- _Data_:

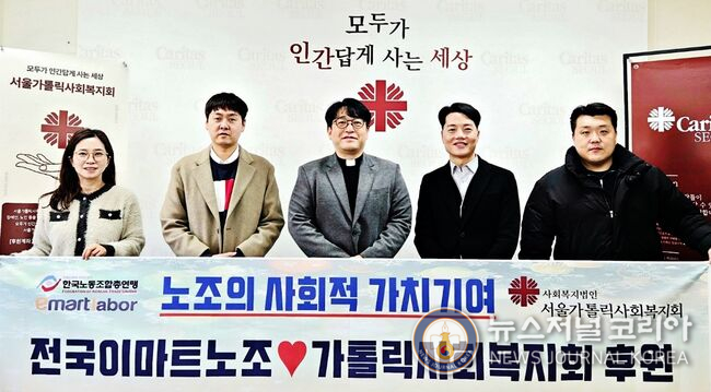 (뉴스저널코리아) 김도영 기자 = 연말을 맞아 이마트 교섭대표노조 전국이마트노동조합(위원장 김상기)은 지난 12월 4일 조합원들의 소중한 정성을 모아 서울가톨릭사회복지회를 찾아 후원했다. 1976년 설립된 서울가톨릭사회복지회 부회장 김원호 바오로 신부로부터 설립자 故 김수환 추기경님의 ‘모두가 인간답게 사는 세상'의 뜻을...
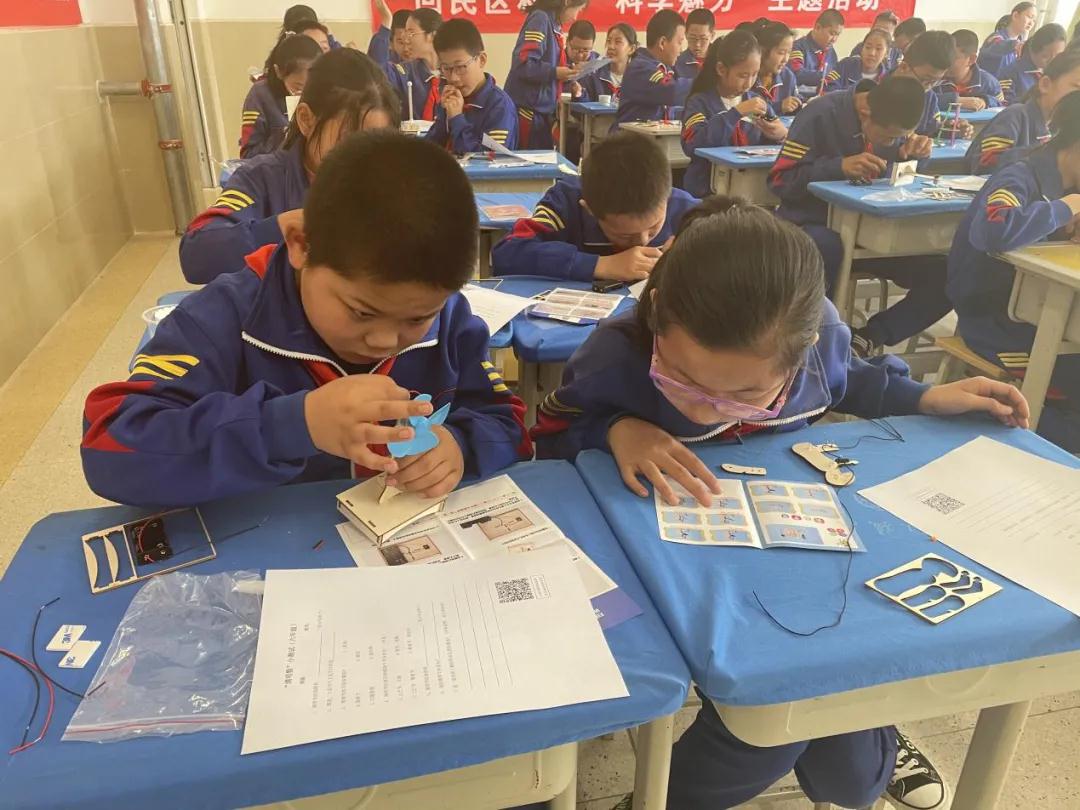 科普学会的老师还为同学们准备了一节生动有趣的科技手工课,锻炼了同学们的动手能力和思维创造能力。
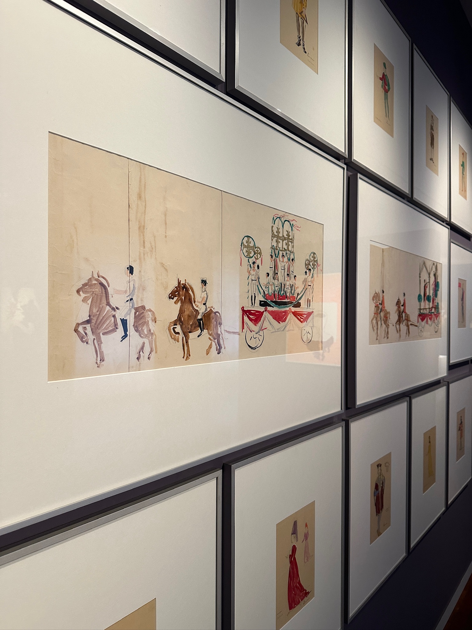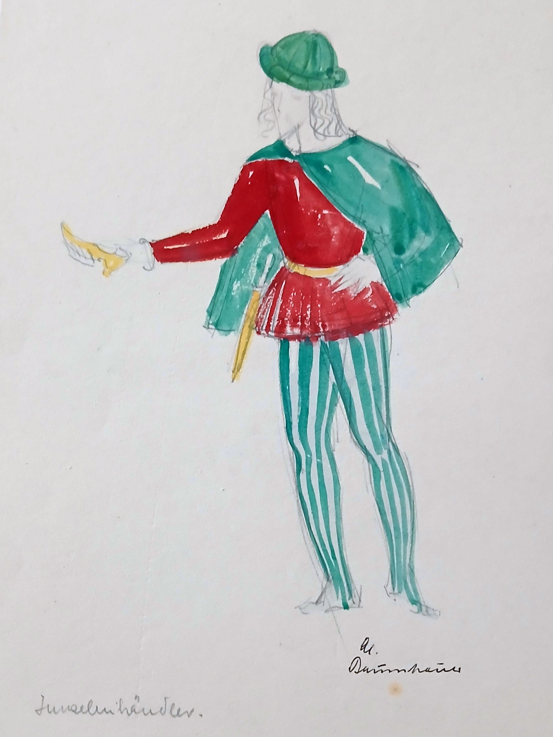 In seiner druckgrafischen Folge zu Odysseus setzt sich Sepp Baumhauer mit Szenen der griechischen Mythologie auseinander, beispielsweise dem Parisurteil. Hauptaugenmerk bei den Radierungen ist jedoch die Beschäftigung mit Körpern im Raum und der Versuch, mit Schraffur, Punktierung oder der bloßen Linie ein Höchstmaß an Plastizität zu erreichen. Sein Vater widmete sich in farbenfrohen und fantasievollen Entwürfen einem lokalen Mythos: dem Geiger zu Gmünd. Die Verwurzelung der Legende in der Gold- und Silberstadt spiegelt sich in Kostümen wie dem für den Goldschmiedemeister wider.

- _Task details_:
Go from the first line of the data above to the line containing "科普学会的老师还为同学们准备" and retype exactly those lines, both included, but none of the pictures.

- _Answer to this problem_:
 (뉴스저널코리아) 김도영 기자 = 연말을 맞아 이마트 교섭대표노조 전국이마트노동조합(위원장 김상기)은 지난 12월 4일 조합원들의 소중한 정성을 모아 서울가톨릭사회복지회를 찾아 후원했다. 1976년 설립된 서울가톨릭사회복지회 부회장 김원호 바오로 신부로부터 설립자 故 김수환 추기경님의 ‘모두가 인간답게 사는 세상'의 뜻을...
 科普学会的老师还为同学们准备了一节生动有趣的科技手工课,锻炼了同学们的动手能力和思维创造能力。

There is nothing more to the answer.